| Work instruction |
Repeat every line of the data exactly, but not the pictures.

| Record set |
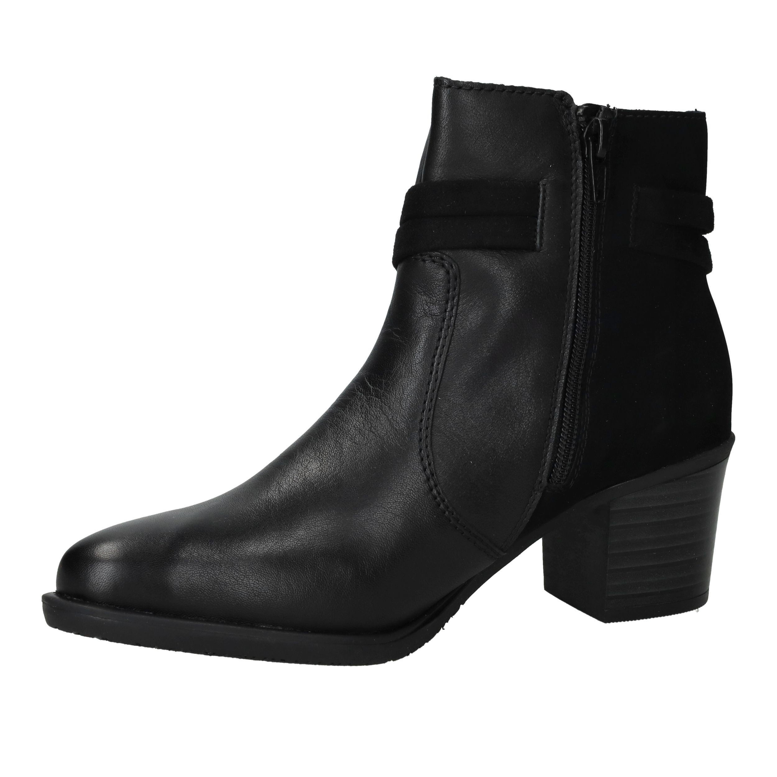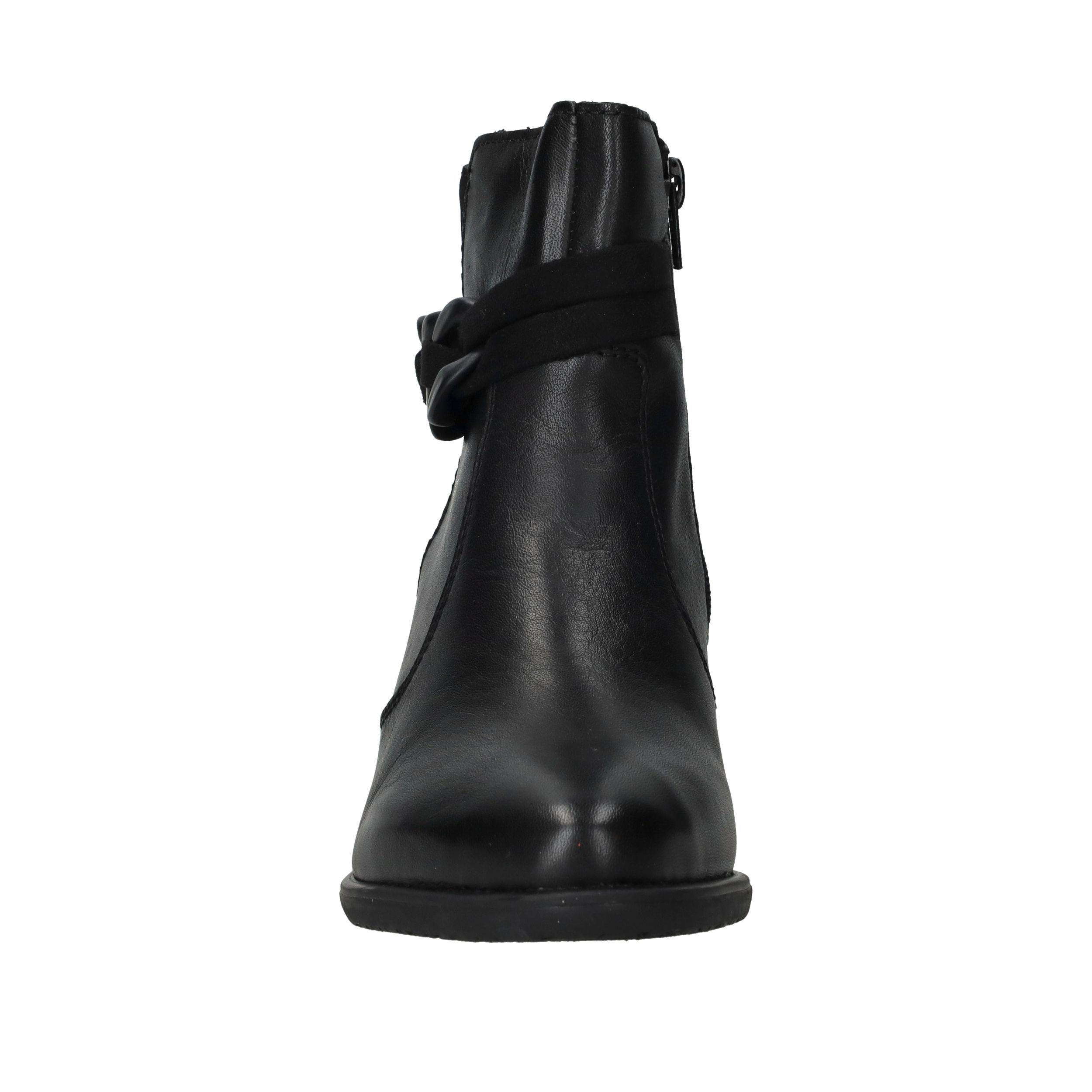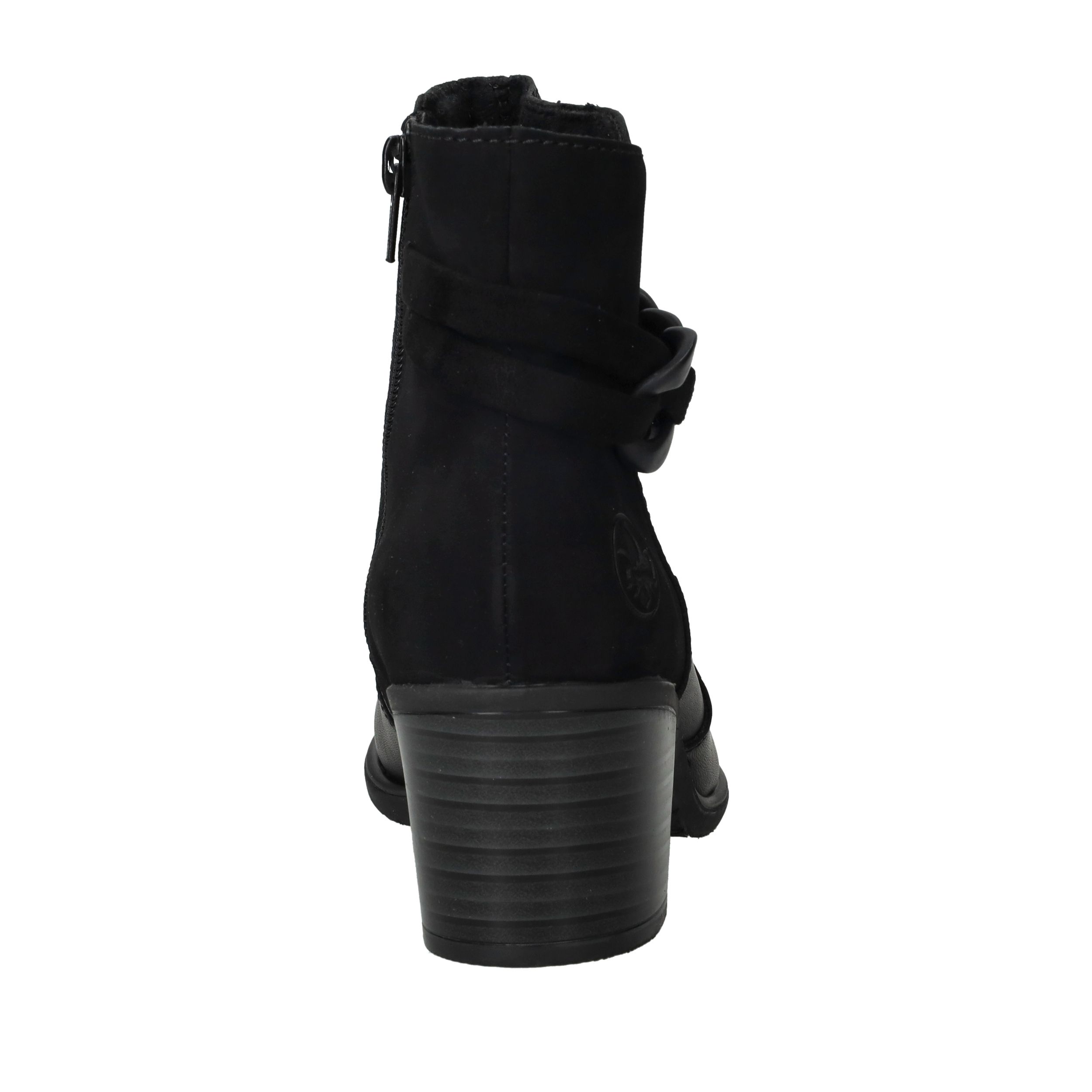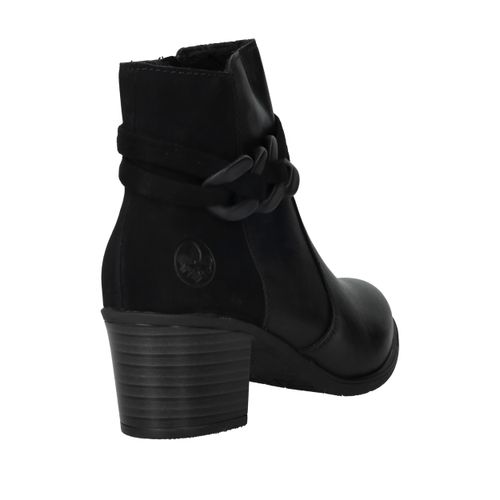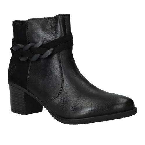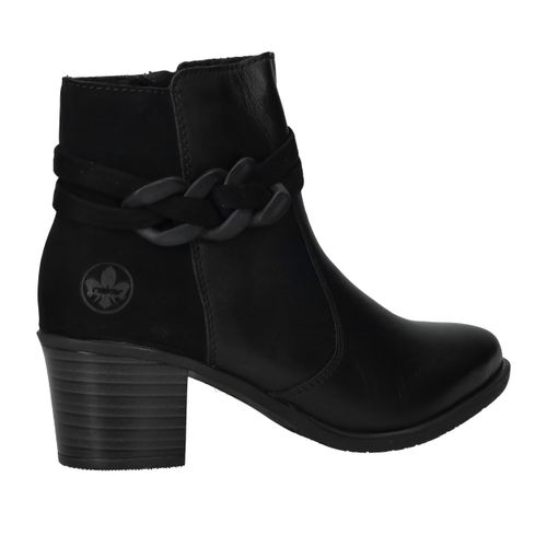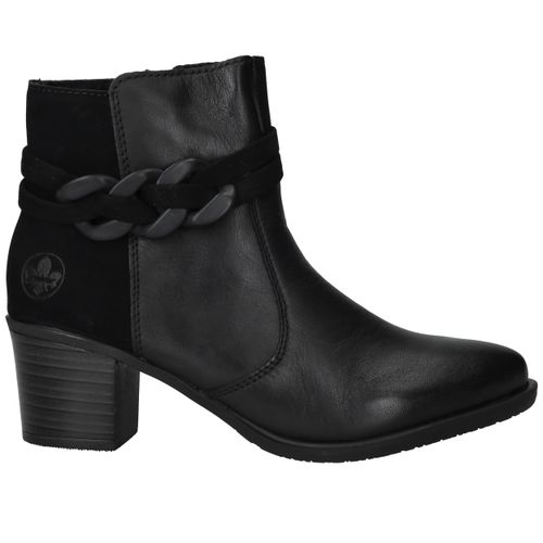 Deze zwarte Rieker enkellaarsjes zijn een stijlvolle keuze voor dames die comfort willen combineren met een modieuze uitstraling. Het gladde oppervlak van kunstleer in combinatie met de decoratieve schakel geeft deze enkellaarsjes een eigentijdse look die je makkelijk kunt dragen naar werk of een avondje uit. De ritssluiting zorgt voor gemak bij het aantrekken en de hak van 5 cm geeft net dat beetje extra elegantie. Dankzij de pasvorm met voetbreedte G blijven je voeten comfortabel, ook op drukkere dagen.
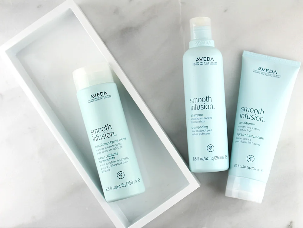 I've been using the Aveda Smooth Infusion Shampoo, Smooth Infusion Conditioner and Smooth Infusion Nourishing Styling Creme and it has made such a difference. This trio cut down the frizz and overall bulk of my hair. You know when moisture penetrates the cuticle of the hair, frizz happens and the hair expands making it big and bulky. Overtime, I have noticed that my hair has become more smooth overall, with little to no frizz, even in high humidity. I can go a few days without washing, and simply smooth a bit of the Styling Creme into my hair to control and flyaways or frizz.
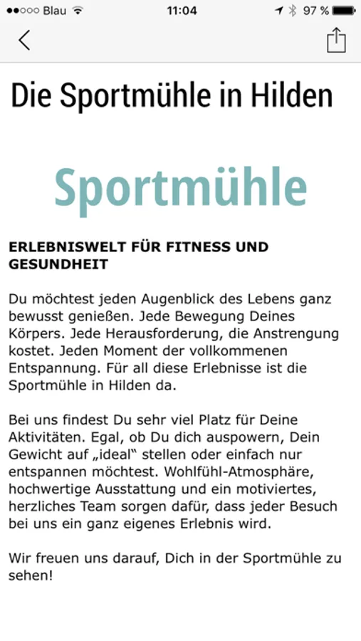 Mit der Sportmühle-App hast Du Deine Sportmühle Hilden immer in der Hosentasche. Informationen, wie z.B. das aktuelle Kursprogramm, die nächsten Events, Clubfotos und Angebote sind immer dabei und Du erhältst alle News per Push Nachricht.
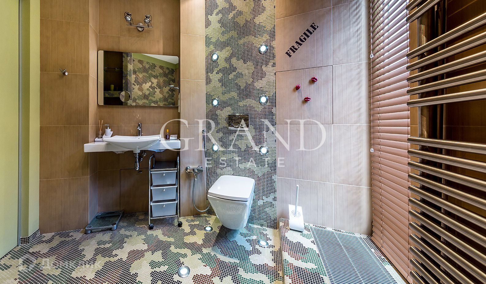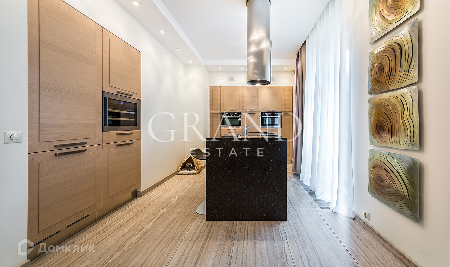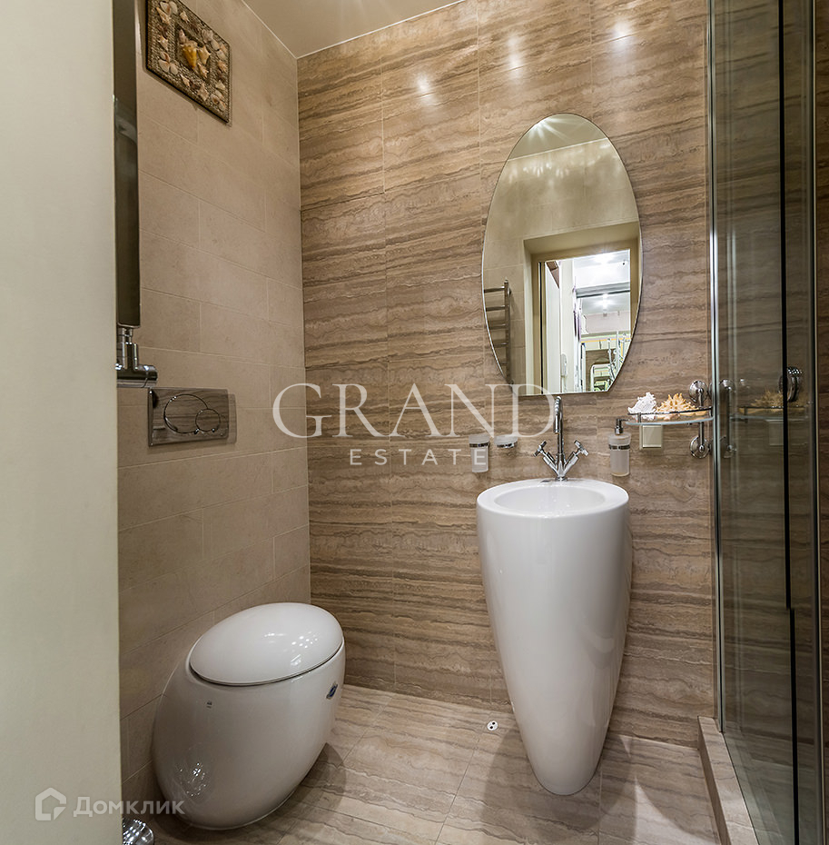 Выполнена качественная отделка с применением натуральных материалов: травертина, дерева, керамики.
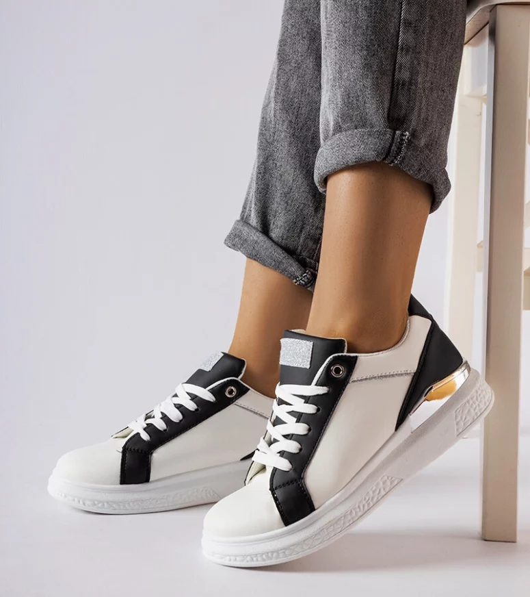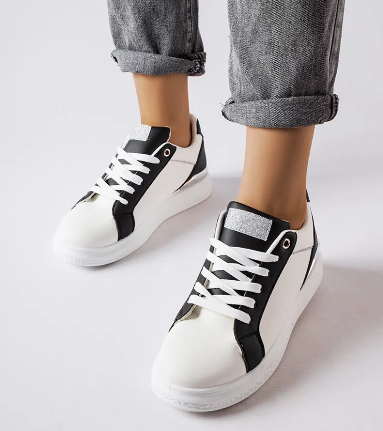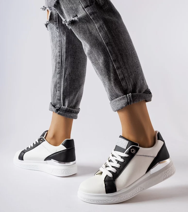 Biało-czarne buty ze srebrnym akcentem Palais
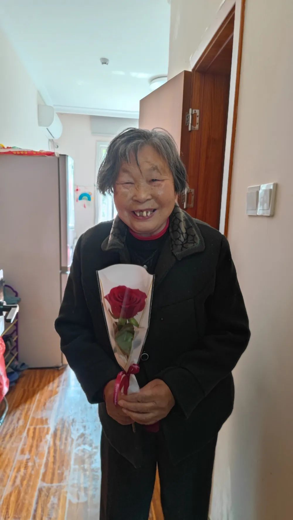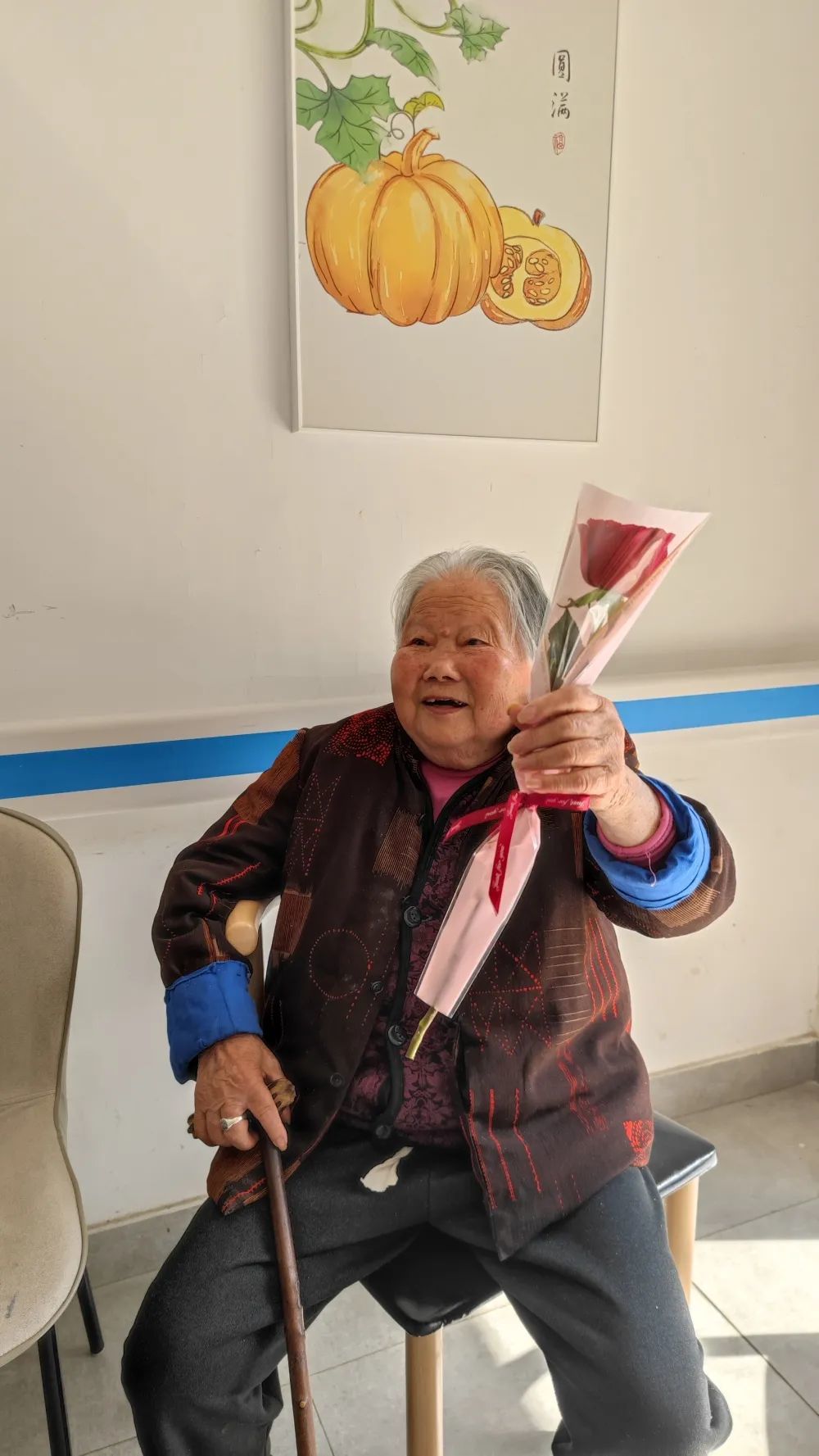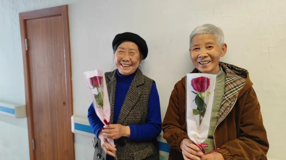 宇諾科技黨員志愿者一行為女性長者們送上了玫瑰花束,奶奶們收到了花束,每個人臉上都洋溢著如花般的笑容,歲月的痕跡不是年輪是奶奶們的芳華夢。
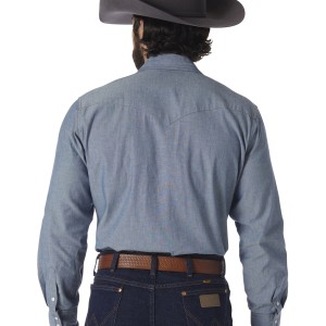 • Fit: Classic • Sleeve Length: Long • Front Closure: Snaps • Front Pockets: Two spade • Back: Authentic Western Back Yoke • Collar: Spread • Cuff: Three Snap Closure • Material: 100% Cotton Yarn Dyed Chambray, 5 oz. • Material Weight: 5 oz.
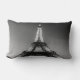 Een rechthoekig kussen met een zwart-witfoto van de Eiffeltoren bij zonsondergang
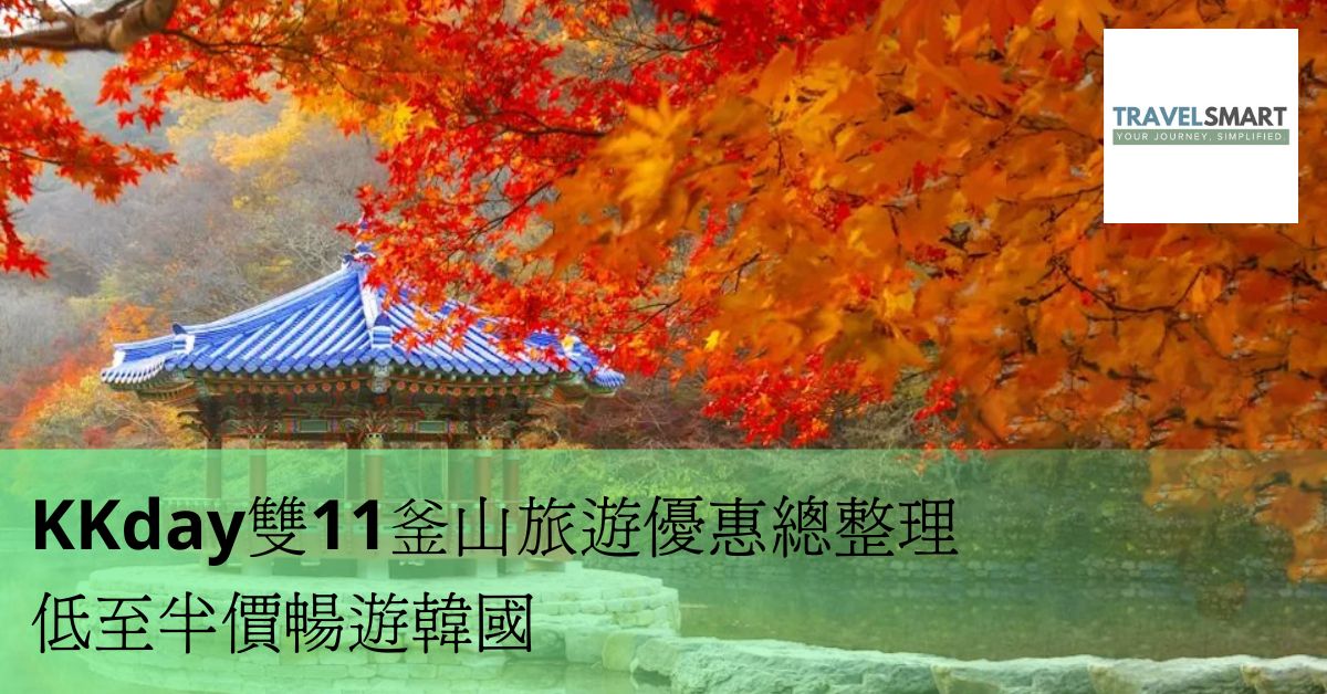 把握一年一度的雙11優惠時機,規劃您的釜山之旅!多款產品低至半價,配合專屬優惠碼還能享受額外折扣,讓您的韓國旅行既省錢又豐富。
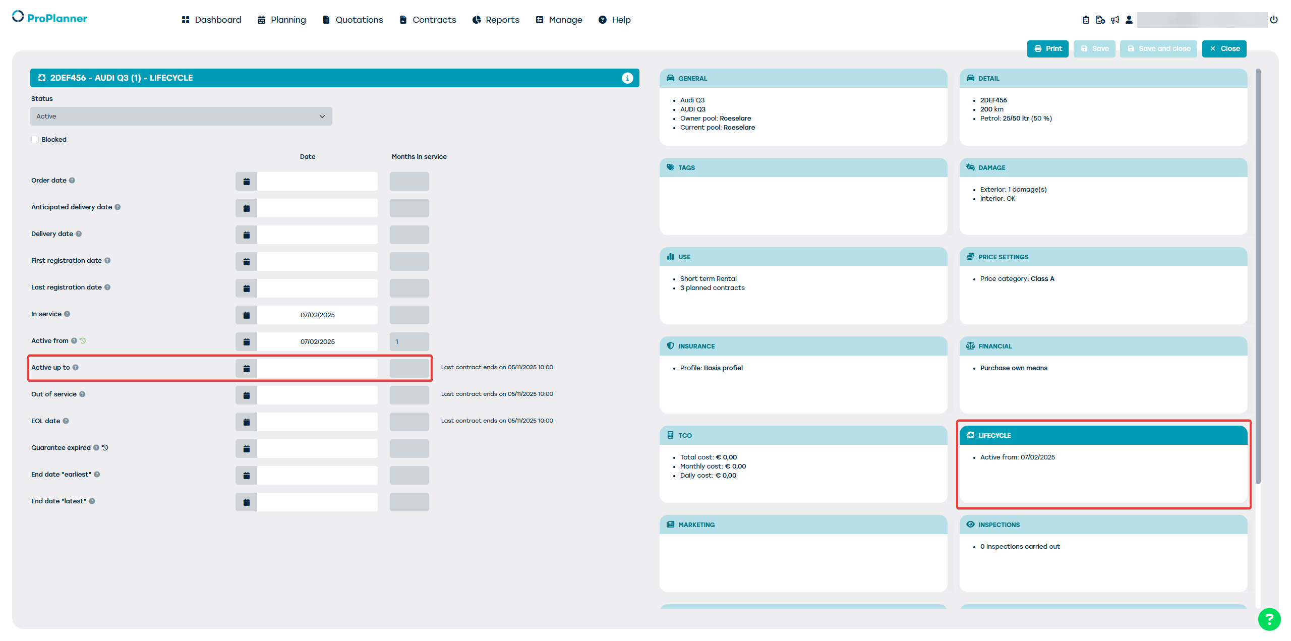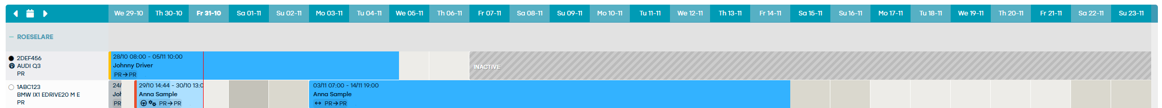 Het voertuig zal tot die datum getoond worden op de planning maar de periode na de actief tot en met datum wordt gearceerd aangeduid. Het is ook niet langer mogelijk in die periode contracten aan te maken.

| Solution below |
 Deze zwarte Rieker enkellaarsjes zijn een stijlvolle keuze voor dames die comfort willen combineren met een modieuze uitstraling. Het gladde oppervlak van kunstleer in combinatie met de decoratieve schakel geeft deze enkellaarsjes een eigentijdse look die je makkelijk kunt dragen naar werk of een avondje uit. De ritssluiting zorgt voor gemak bij het aantrekken en de hak van 5 cm geeft net dat beetje extra elegantie. Dankzij de pasvorm met voetbreedte G blijven je voeten comfortabel, ook op drukkere dagen.
 I've been using the Aveda Smooth Infusion Shampoo, Smooth Infusion Conditioner and Smooth Infusion Nourishing Styling Creme and it has made such a difference. This trio cut down the frizz and overall bulk of my hair. You know when moisture penetrates the cuticle of the hair, frizz happens and the hair expands making it big and bulky. Overtime, I have noticed that my hair has become more smooth overall, with little to no frizz, even in high humidity. I can go a few days without washing, and simply smooth a bit of the Styling Creme into my hair to control and flyaways or frizz.
 Mit der Sportmühle-App hast Du Deine Sportmühle Hilden immer in der Hosentasche. Informationen, wie z.B. das aktuelle Kursprogramm, die nächsten Events, Clubfotos und Angebote sind immer dabei und Du erhältst alle News per Push Nachricht.
 Выполнена качественная отделка с применением натуральных материалов: травертина, дерева, керамики.
 Biało-czarne buty ze srebrnym akcentem Palais
 宇諾科技黨員志愿者一行為女性長者們送上了玫瑰花束,奶奶們收到了花束,每個人臉上都洋溢著如花般的笑容,歲月的痕跡不是年輪是奶奶們的芳華夢。
 • Fit: Classic • Sleeve Length: Long • Front Closure: Snaps • Front Pockets: Two spade • Back: Authentic Western Back Yoke • Collar: Spread • Cuff: Three Snap Closure • Material: 100% Cotton Yarn Dyed Chambray, 5 oz. • Material Weight: 5 oz.
 Een rechthoekig kussen met een zwart-witfoto van de Eiffeltoren bij zonsondergang
 把握一年一度的雙11優惠時機,規劃您的釜山之旅!多款產品低至半價,配合專屬優惠碼還能享受額外折扣,讓您的韓國旅行既省錢又豐富。
 Het voertuig zal tot die datum getoond worden op de planning maar de periode na de actief tot en met datum wordt gearceerd aangeduid. Het is ook niet langer mogelijk in die periode contracten aan te maken.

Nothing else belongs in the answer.